#### [Data segment]
━━━━

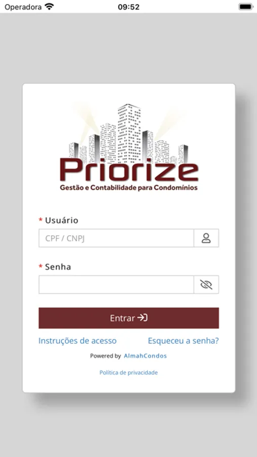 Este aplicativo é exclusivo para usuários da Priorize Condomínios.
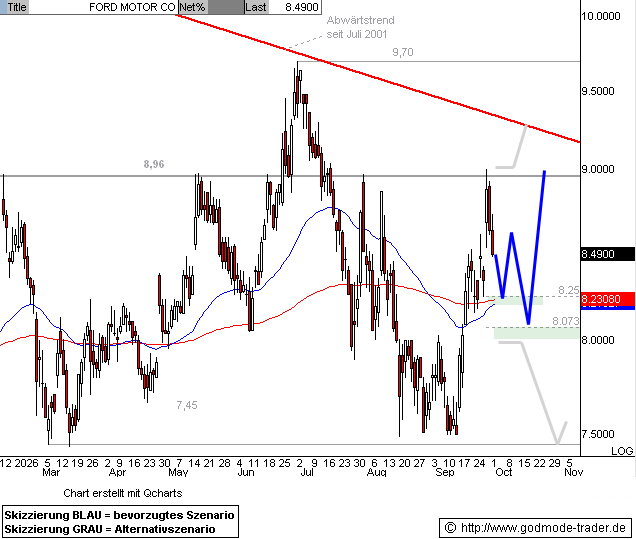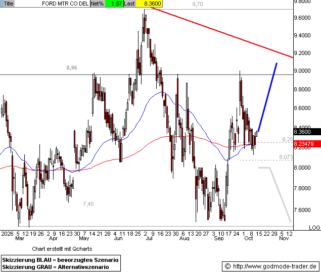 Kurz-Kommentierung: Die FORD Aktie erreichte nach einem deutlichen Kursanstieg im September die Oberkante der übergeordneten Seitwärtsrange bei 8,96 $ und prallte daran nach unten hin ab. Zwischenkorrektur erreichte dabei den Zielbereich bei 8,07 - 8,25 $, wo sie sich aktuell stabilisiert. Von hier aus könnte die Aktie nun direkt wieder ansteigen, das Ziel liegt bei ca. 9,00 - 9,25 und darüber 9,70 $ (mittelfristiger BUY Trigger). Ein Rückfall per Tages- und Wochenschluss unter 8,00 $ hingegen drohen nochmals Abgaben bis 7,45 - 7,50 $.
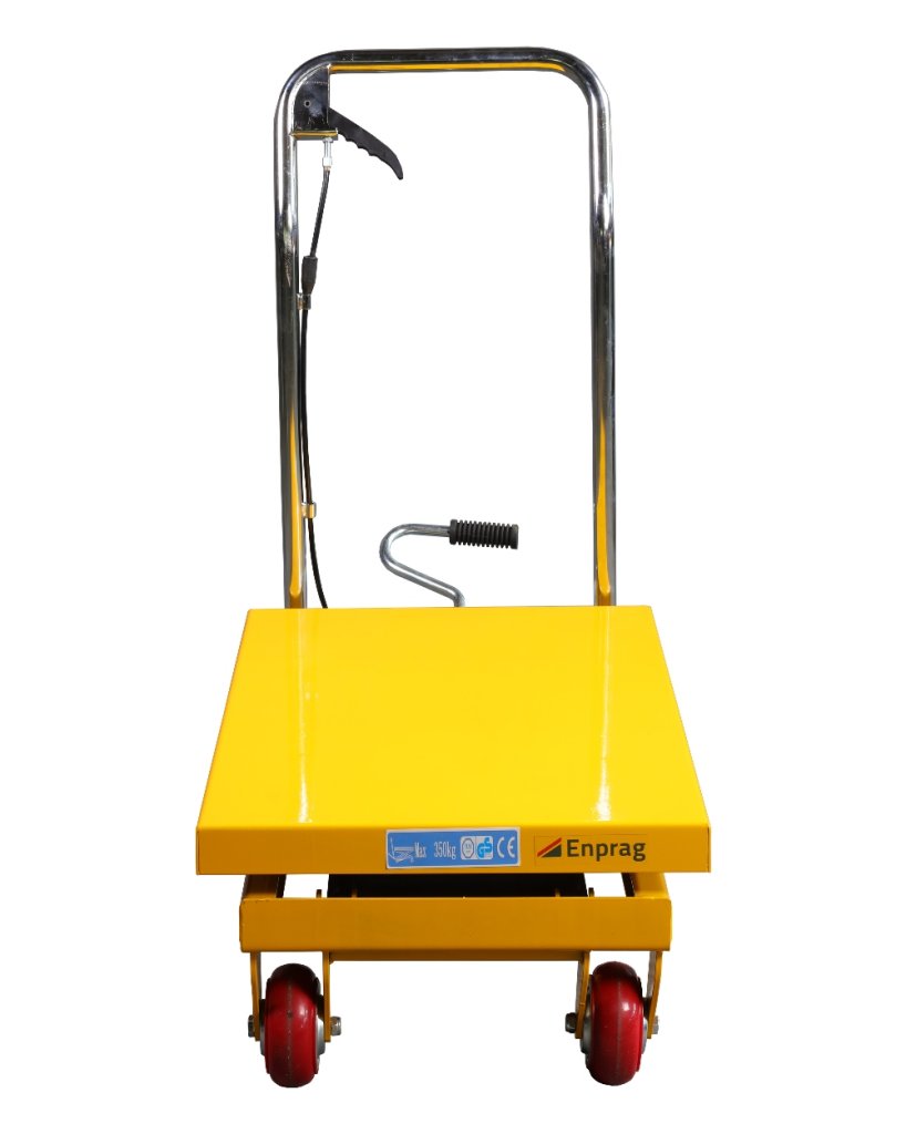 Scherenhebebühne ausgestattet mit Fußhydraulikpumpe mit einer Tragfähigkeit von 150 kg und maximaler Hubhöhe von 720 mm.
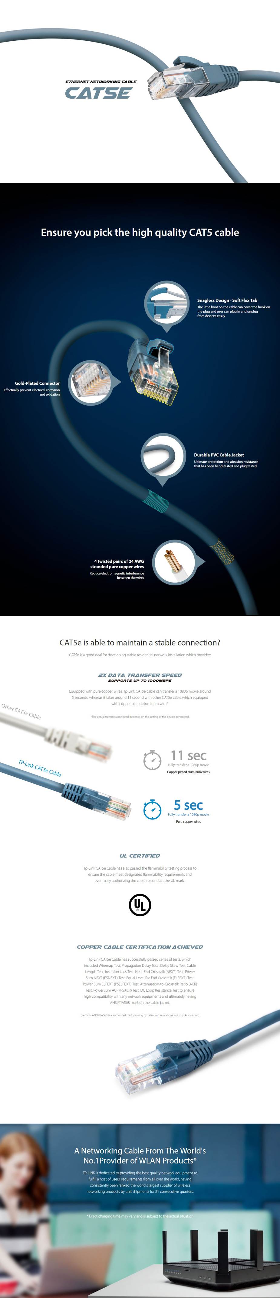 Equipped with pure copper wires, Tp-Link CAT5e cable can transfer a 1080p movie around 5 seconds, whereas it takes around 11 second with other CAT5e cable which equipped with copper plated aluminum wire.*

━━━━

#### [Directions]
Could each line of the data be written out exactly, with no pictures included?

#### [Solved exercise]
 Este aplicativo é exclusivo para usuários da Priorize Condomínios.
 Kurz-Kommentierung: Die FORD Aktie erreichte nach einem deutlichen Kursanstieg im September die Oberkante der übergeordneten Seitwärtsrange bei 8,96 $ und prallte daran nach unten hin ab. Zwischenkorrektur erreichte dabei den Zielbereich bei 8,07 - 8,25 $, wo sie sich aktuell stabilisiert. Von hier aus könnte die Aktie nun direkt wieder ansteigen, das Ziel liegt bei ca. 9,00 - 9,25 und darüber 9,70 $ (mittelfristiger BUY Trigger). Ein Rückfall per Tages- und Wochenschluss unter 8,00 $ hingegen drohen nochmals Abgaben bis 7,45 - 7,50 $.
 Scherenhebebühne ausgestattet mit Fußhydraulikpumpe mit einer Tragfähigkeit von 150 kg und maximaler Hubhöhe von 720 mm.
 Equipped with pure copper wires, Tp-Link CAT5e cable can transfer a 1080p movie around 5 seconds, whereas it takes around 11 second with other CAT5e cable which equipped with copper plated aluminum wire.*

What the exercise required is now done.